Monday, August 27, 2012


Data can be separated into categories according to what is being measured and what information can be determined from the data.  Different levels of measurement are appropriate for different arithmetic and statistical operations. For example, it makes no sense to find the mean, median, or mode of a list of Social Security numbers.


The nominal level of measurement is the lowest of the four ways to characterize data because it holds the least potential for instructive analysis. Nominal means "in name only" and nominal data deal with names, categories, or labels -- qualitative groups (see previous post: Getting Ready for AP STATISTICS: VOCABULARY BASICS).

Because data at the nominal level are qualitative, they can't be ordered in a meaningful way, and it makes no sense to calculate things such as the mean or standard deviation.

Yes or no responses to a survey
Favorite class subject
Makes of cars  

Some number groups can be nominal:  the numbers assigned to marathon runners, for example, are used to identify or name the entrants.


The next level is called the ordinal level of measurement. Data at this level CAN be put in some order, but the differences between elements are not meaningful.

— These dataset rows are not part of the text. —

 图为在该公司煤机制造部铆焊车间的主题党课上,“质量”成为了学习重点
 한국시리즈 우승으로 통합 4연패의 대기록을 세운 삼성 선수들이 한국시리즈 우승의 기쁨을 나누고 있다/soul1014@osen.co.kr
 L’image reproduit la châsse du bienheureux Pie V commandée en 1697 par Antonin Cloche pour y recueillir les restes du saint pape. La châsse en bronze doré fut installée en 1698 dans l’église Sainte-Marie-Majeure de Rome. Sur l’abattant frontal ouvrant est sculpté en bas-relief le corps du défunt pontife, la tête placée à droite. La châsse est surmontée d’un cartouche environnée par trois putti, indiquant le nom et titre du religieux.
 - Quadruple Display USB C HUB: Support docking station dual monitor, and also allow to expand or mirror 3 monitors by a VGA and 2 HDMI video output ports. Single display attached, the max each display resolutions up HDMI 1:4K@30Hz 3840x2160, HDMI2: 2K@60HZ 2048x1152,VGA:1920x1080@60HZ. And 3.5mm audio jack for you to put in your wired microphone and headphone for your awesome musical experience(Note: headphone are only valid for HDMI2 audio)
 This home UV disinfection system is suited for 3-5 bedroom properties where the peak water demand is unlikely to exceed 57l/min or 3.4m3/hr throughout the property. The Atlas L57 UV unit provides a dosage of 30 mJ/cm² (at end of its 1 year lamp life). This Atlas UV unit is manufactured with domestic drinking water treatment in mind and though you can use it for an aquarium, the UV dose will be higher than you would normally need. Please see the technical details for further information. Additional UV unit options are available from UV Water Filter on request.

Letter grades in your classes are an example of ordinal measurement.  In some schools, a minimum of 94% is required for an A, but another school may count a 90% as an A.  It is not surprising that colleges have difficulty comparing applicants through letter grades alone, or even through class rank.  Both measures tell nothing about the difference between separate elements within a group.

As with the nominal level, data at the ordinal level should not be used in calculations.

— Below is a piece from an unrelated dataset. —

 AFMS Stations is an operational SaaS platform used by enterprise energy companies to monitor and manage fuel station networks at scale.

Movie ratings (G,P-G,PG13,R,NC17)
The Tonight Show’s “TOP 10” of anything
Classroom letter grades
IQ scores


The third level of measurement is the Interval level.  It deals with data that CAN BE ORDERED, and in which differences between the data DO make sense.  It can be used meaningfully in calculations, but Interval level data DOES NOT HAVE A STARTING POINT.

Temperature for example can be put in increasing or decreasing order and the difference between 20 degrees and 80 degrees makes sense.  Zero degrees, however, does NOT mean a total absence of temperature.  Without a starting point, ratios of element values are meaningless.  An 80 degree day is not four times as hot as a 20 degree day.

Sea level
A college student's checking account balance (hopefully that's only a joke)


The fourth and highest level of measurement is the ratio level where data possess all of the features of the other three levels and also a ZERO VALUE, so it makes sense to compare the ratios of measurements. Phrases such as "four times" and "twice" are meaningful at the ratio level.

Monthly precipitation
Any system of measurement (length, weight, distance)

Since organizing data is a constant task in statistics, let's encapsulate characteristics of the four levels of measurement.

Notice that each level of measurement meets the criteria for the previous levels plus one more.

As you get further along in the curriculum, you will be introduced to essential statistical operations.  The level of measurement is an important factor in determining which
computations are viable.  Save the chart below for future reference and check your textbook glossary to reference each of the computations in the left column.

Now that we have some background and terminology, we can start developing a statistical survey.  Get a jump start on the classroom by thinking of a study you might want to conduct as a practical application.  Are you in another class (like American Politics during this election year) which would give extra credit for completing the survey?  What is your population?  What sample would be appropriate?  What would you measure?  How would you measure it?  Based on the chart above, what statistical computations would be possible?  Later in the curriculum, we'll investigate the information that can be garnered from the calculations.  For now....have fun!!